Yang saya herankan—dan sekaligus
yang juga sudah saya duga—bahwa Bunga memang tidak dapat menyelesaikan
bacaannya. Lebih celaka lagi, dia pun menunda untuk mengembalikan bukunya.
Suatu kali, jauh sebelum peristiwa lima buku tebal itu, saya ingatkan dia soal
pinjaman perpustakaan. Tapi jawabannya ringan saja, bahwa toh masih belum
terlambat. Kenyataannya, seminggu kemudian dia toh minta saya datang ke perpustakaan guna membayarkan denda
keterlambatan.
Di status facebook-nya, Bunga pernah meng-update
kalimat: “Membayar denda terlambat untuk buku yang tidak dibaca, rasanya sangat….menjengkelkan!”
Oke, pikir saya. Kalau dia tahu
rasanya demikian, kenapa Bunga masih mengulang-ulang kesalahannya? Bukankah keledai
pun tidak akan jatuh ke lubang yang sama dua kali?
Kasus yang dialami Bunga barangkali
adalah cerminan dari jutaan kebiasaan manusia di dunia. Suka menunda. Menggampangkan
segala sesuatu. Kemudian marah oleh sebab-sebab yang sebenarnya bermula dari
kesalahan diri sendiri. Telat dan lupa mengembalikan buku ke perpustakaan memang
hal sepele. Tapi bagaimana bila kasus ini terjadi tatkala kita terlambat
membawa salah satu keluarga yang sakit ke RS? Atau terlambat menyadari bahwa
jalan hidup yang kita tempuh adalah keliru?
Menjadi disiplin atau pelupa adalah
pilihan pribadi. Personal choice,
kata dosen saya. Tapi bila kenyataan ini menjadi pola-pola di masyarakat, maka
mungkin diperlukan penelitian lebih lanjut secara sosiologis. Apakah itu
mencerminkan kebiasaan mempribadi ataukah cerminan laku masyarakat kita secara
umum? Sayangnya saya tidak punya data akurat, misalnya seberapa tingkat
keterlambatan mengembalikan buku, membayar pajak atau kebiasaan lainnya antara
satu negara atau negara lainnya, untuk membuktikan bahwa kondisi ini dapat
dipengaruhi oleh faktor lingkungan, desakan aturan, pendidikan, pembudayaan dan
sebagainya.
Yang jelas, ketika saya membayarkan
denda buku teman saya itu, pada daftar isiannya berderet-deret nama mahasiswa
yang juga telat mengembalikan pinjaman.
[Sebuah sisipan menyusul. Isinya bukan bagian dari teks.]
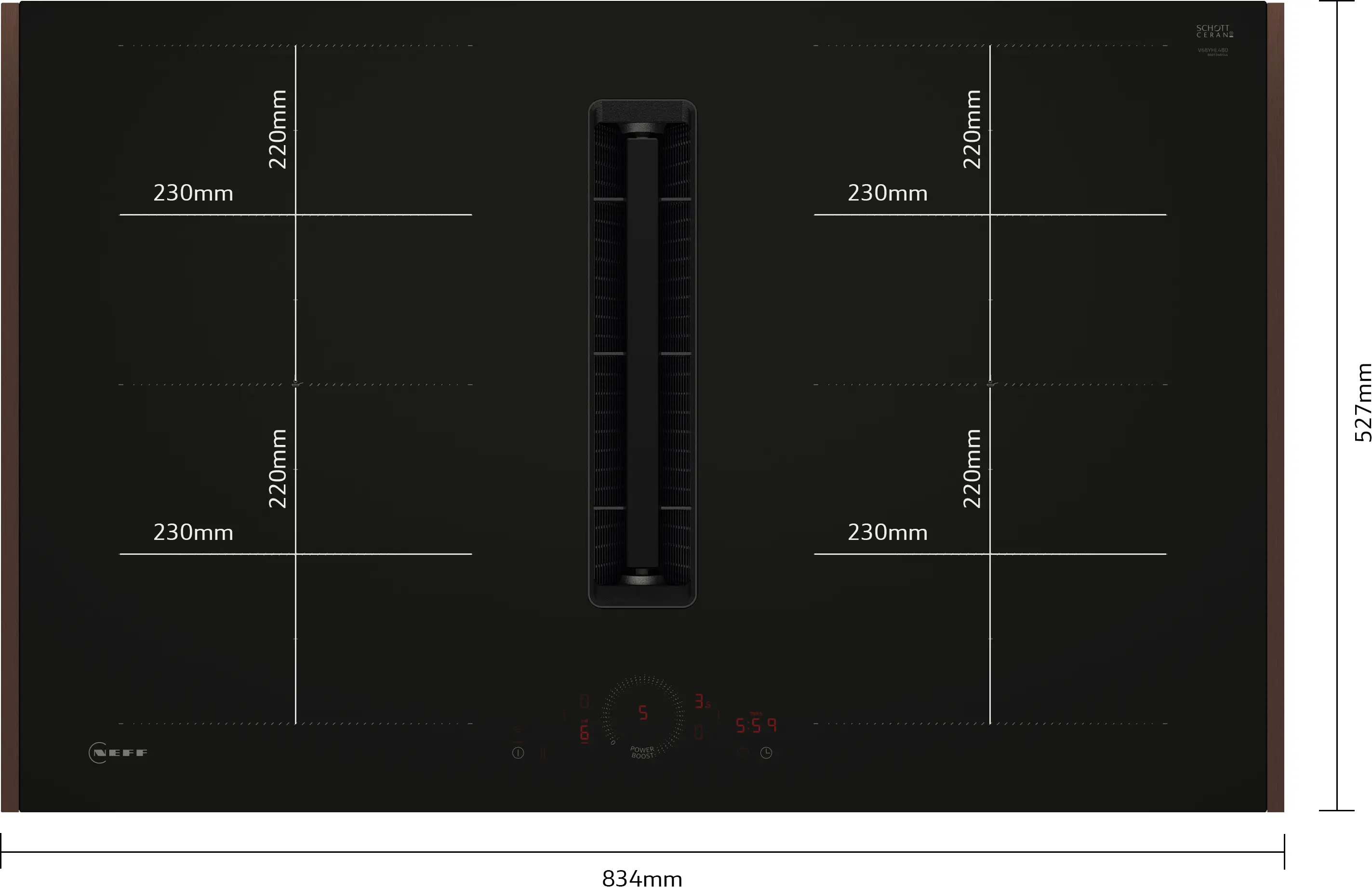 N 70 Induktionskochfeld mit Dunstabzug 80 cm Mattschwarz, Flex DesignV68YHL4B0

Setiap hari selalu saja ada. Dan jumlah
dendanya, menurut saya, sangat amazing
besarnya. Cukup untuk biaya makan di warteg selama seminggu!
Beberapa hari lalu saya bertemu lagi
dengannya dan sampaikan berapa hutang denda yang dia punya terhadap saya.
Mendengar jumlahnya, dia kaget lalu menggugat bahwa saya tidak sungguh-sungguh
serius. Angka seratus ribu baginya tidak masuk akal. “Tidak semua buku itu aku
baca, lho!”
“Ya, akupun tak percaya. Tapi, mau
bagaimana lagi…” ujar saya sambil tersenyum. Mudah-mudahan dia kapok dan tidak
mengulangi kesalahan yang sama lagi.